Stored entries
—————

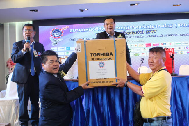 จากนั้น สมาคมฯ จัดให้มีการจับสลากรางวัล 59 ชิ้น ในโอกาสที่สมาคมหนังสือพิมพ์ส่วนภูมิภาคประเทศไทย ครบรอบ 59 ปี ซึ่งกิจกรรมการจับสลากลุ้นรางวัลสำหรับสมาชิกสมาคม จัดขึ้นเป็นประจำนับเป็น 10 ปีมาแล้ว ด้วยความคิดริเริ่มจาก “นายยุทธนา หยิมการุณ” อุปนายกฝ่ายบริหารสมาคมหนังสือพิมพ์ส่วนภูมิภาคแห่งประเทศไทย ผู้ใหญ่ใจดีท่านนี้ ที่ให้การสนับสนุนกิจกรรมที่สำคัญให้กับสมาคมหนังสือพิมพ์ส่วนภูมิภาคฯ ตลอดมา ทั้งนี้ เพื่อให้เกิดขวัญและกำลังใจ เพิ่มความสนุกให้กับสมาชิกสมาคมที่มาร่วมในการประชุมใหญ่ของสมาคมทุกๆ ปี และปีนี้ก็ได้มอบทีวีขนาด 55 นิ้ว เครื่องใช้ไฟฟ้าอเนกประสงค์ที่มีคุณค่าเป็นจำนวนมากมาร่วมสนุก พร้อมด้วย บมจ.ทรู คอร์ปอเรชั่น, บจก.สแกนเนอร์ อิเลคทริค อินเตอร์เนชั่นแนล ผลิตภัณฑ์เครื่องใช้ไฟฟ้า Misushita, บจก.เอ็นไอพี อิเลคทริค, บจก.พรสยาม เทรดดิ้ง และผู้ใหญ่ใจดีอีกหลายท่านที่ไม่ได้เอ่ยนาม ร่วมนำของขวัญ ของรางวัลที่มีคุณค่ามาร่วมให้ทางสมาชิกได้ร่วมสนุกจับลุ้นรางวัล ซึ่งเป็นกิจกรรมต่อเนื่องที่สมาคมได้ทำกันมาตลอด
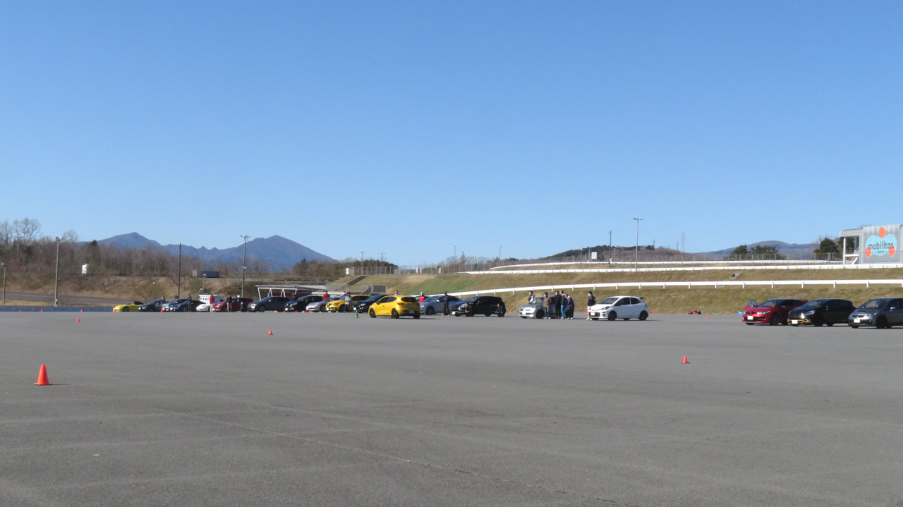 スラローム、ブレーキング、フィギュアエイト、オーバル走行で反復練習をしながら、ミーティングでドライビングポジションの話とか視線の持って行き方の説明を行い、クルマと一体になってクルマが動きやすい状況を作り出せるようになります。
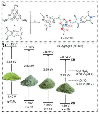 Figure 3 (a) Synthesis process for g-C3N4/PDIx. (b) Electronic band structures of g-C3N4 and g-C3N4/PDIx. Copied with permission [83]. Copyright 2014, Wiley-VCH Verlag GmbH & Co. KGaA, Weinheim.
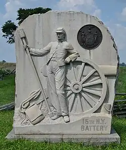 This article incorporates text from this source, which is in the public domain. - "15th New York Battery". The Civil War in the East. 2016. Retrieved December 17, 2020.
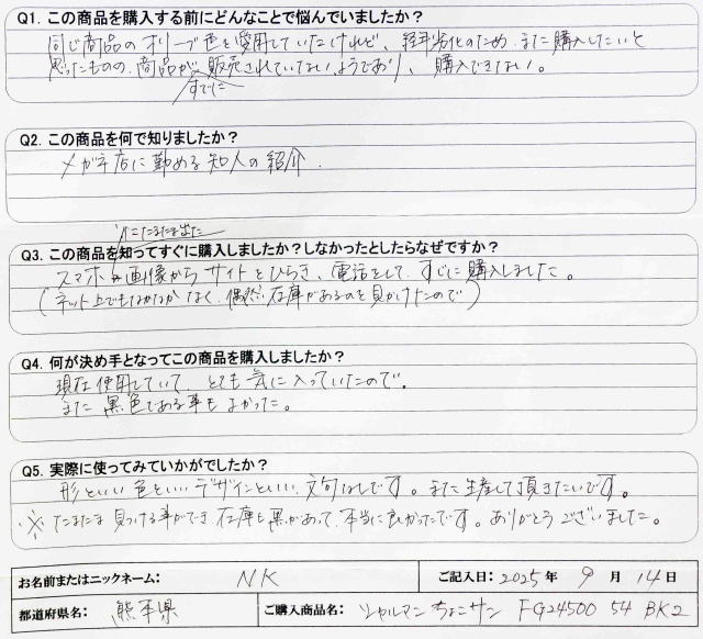 Q1. この商品を購入する前にどんなことで悩んでいましたか? 同じ商品のオリーブ色を愛用していたけれど、経年劣化のため、また購入したいと 思ったものの、商品がすでにに販売されていないようであり、購入できない。 Q2. この商品を何で知りましたか? メガネ店に勤める知人の紹介 Q3. この商品を知ってすぐに購入しましたか?しなかったとしたらなぜですか? スマホにたまたま出た画像からサイトをひらき、電話をして、すぐに購入しました。 (ネット上でもなかなかなく偶然在庫があるのを見かけたので) Q4. 何が決め手となってこの商品を購入しましたか? 現在使用していて、とても気に入っていたので、 また黒色である事もよかった。 Q5. 実際に使ってみていかがでしたか? 形といい色といいデザインといい、文句なしです。また生産して頂きたいです。 ※たまたま見つける事ができ、在庫も黒があって本当に良かったです。ありがとうございました。 |
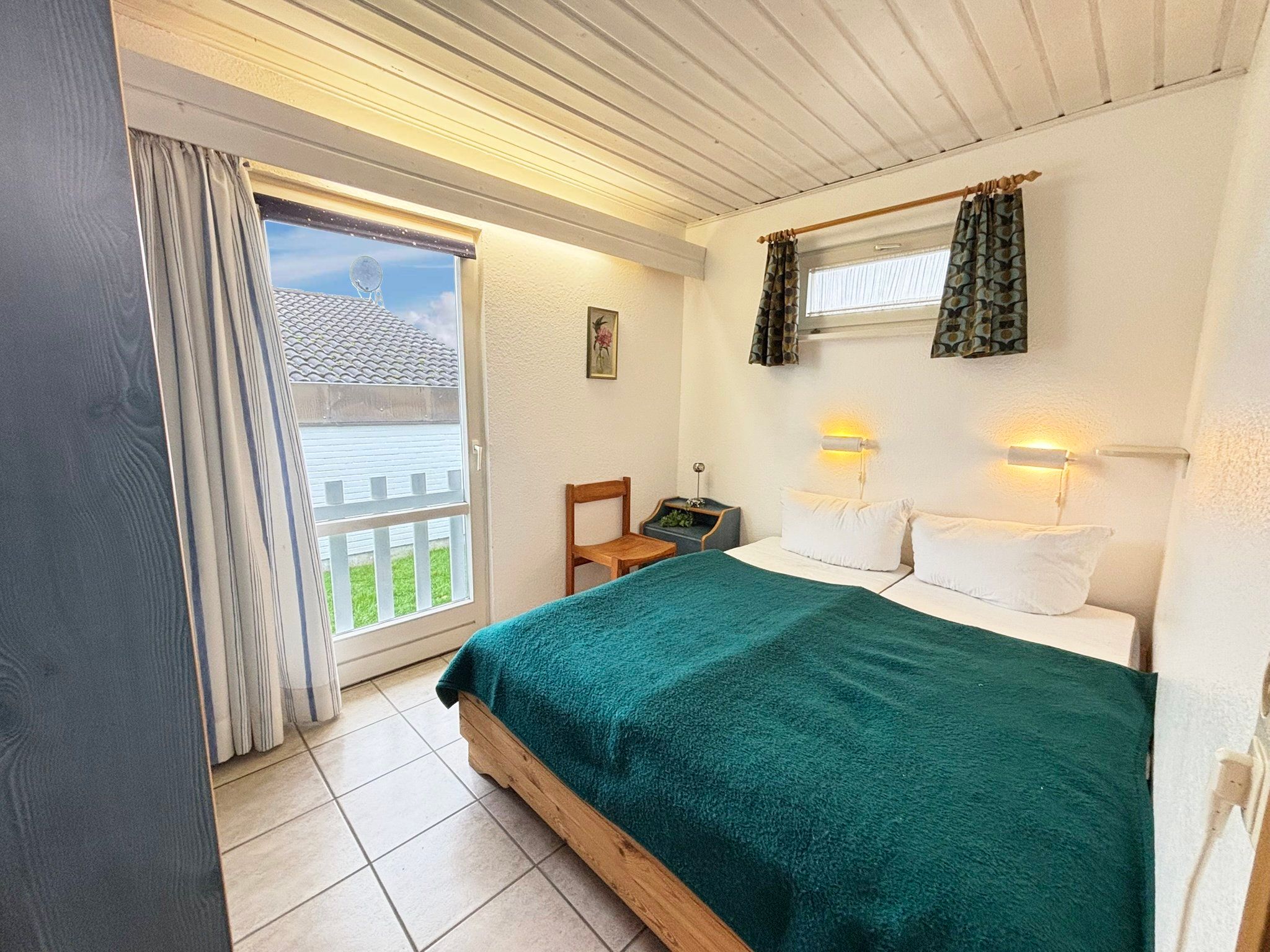 Schlafzimmer 2: Doppelbett (2x80x200 cm) mit getrennten Matratzen, offenes Fußende, Kleiderschrank und Verdunklungsmöglichkeit.

—————

Output nothing but the records, word for word, and none of their pictures.

• [Exercise response]:
 จากนั้น สมาคมฯ จัดให้มีการจับสลากรางวัล 59 ชิ้น ในโอกาสที่สมาคมหนังสือพิมพ์ส่วนภูมิภาคประเทศไทย ครบรอบ 59 ปี ซึ่งกิจกรรมการจับสลากลุ้นรางวัลสำหรับสมาชิกสมาคม จัดขึ้นเป็นประจำนับเป็น 10 ปีมาแล้ว ด้วยความคิดริเริ่มจาก “นายยุทธนา หยิมการุณ” อุปนายกฝ่ายบริหารสมาคมหนังสือพิมพ์ส่วนภูมิภาคแห่งประเทศไทย ผู้ใหญ่ใจดีท่านนี้ ที่ให้การสนับสนุนกิจกรรมที่สำคัญให้กับสมาคมหนังสือพิมพ์ส่วนภูมิภาคฯ ตลอดมา ทั้งนี้ เพื่อให้เกิดขวัญและกำลังใจ เพิ่มความสนุกให้กับสมาชิกสมาคมที่มาร่วมในการประชุมใหญ่ของสมาคมทุกๆ ปี และปีนี้ก็ได้มอบทีวีขนาด 55 นิ้ว เครื่องใช้ไฟฟ้าอเนกประสงค์ที่มีคุณค่าเป็นจำนวนมากมาร่วมสนุก พร้อมด้วย บมจ.ทรู คอร์ปอเรชั่น, บจก.สแกนเนอร์ อิเลคทริค อินเตอร์เนชั่นแนล ผลิตภัณฑ์เครื่องใช้ไฟฟ้า Misushita, บจก.เอ็นไอพี อิเลคทริค, บจก.พรสยาม เทรดดิ้ง และผู้ใหญ่ใจดีอีกหลายท่านที่ไม่ได้เอ่ยนาม ร่วมนำของขวัญ ของรางวัลที่มีคุณค่ามาร่วมให้ทางสมาชิกได้ร่วมสนุกจับลุ้นรางวัล ซึ่งเป็นกิจกรรมต่อเนื่องที่สมาคมได้ทำกันมาตลอด
 スラローム、ブレーキング、フィギュアエイト、オーバル走行で反復練習をしながら、ミーティングでドライビングポジションの話とか視線の持って行き方の説明を行い、クルマと一体になってクルマが動きやすい状況を作り出せるようになります。
 Figure 3 (a) Synthesis process for g-C3N4/PDIx. (b) Electronic band structures of g-C3N4 and g-C3N4/PDIx. Copied with permission [83]. Copyright 2014, Wiley-VCH Verlag GmbH & Co. KGaA, Weinheim.
 This article incorporates text from this source, which is in the public domain. - "15th New York Battery". The Civil War in the East. 2016. Retrieved December 17, 2020.
 Q1. この商品を購入する前にどんなことで悩んでいましたか? 同じ商品のオリーブ色を愛用していたけれど、経年劣化のため、また購入したいと 思ったものの、商品がすでにに販売されていないようであり、購入できない。 Q2. この商品を何で知りましたか? メガネ店に勤める知人の紹介 Q3. この商品を知ってすぐに購入しましたか?しなかったとしたらなぜですか? スマホにたまたま出た画像からサイトをひらき、電話をして、すぐに購入しました。 (ネット上でもなかなかなく偶然在庫があるのを見かけたので) Q4. 何が決め手となってこの商品を購入しましたか? 現在使用していて、とても気に入っていたので、 また黒色である事もよかった。 Q5. 実際に使ってみていかがでしたか? 形といい色といいデザインといい、文句なしです。また生産して頂きたいです。 ※たまたま見つける事ができ、在庫も黒があって本当に良かったです。ありがとうございました。 |
 Schlafzimmer 2: Doppelbett (2x80x200 cm) mit getrennten Matratzen, offenes Fußende, Kleiderschrank und Verdunklungsmöglichkeit.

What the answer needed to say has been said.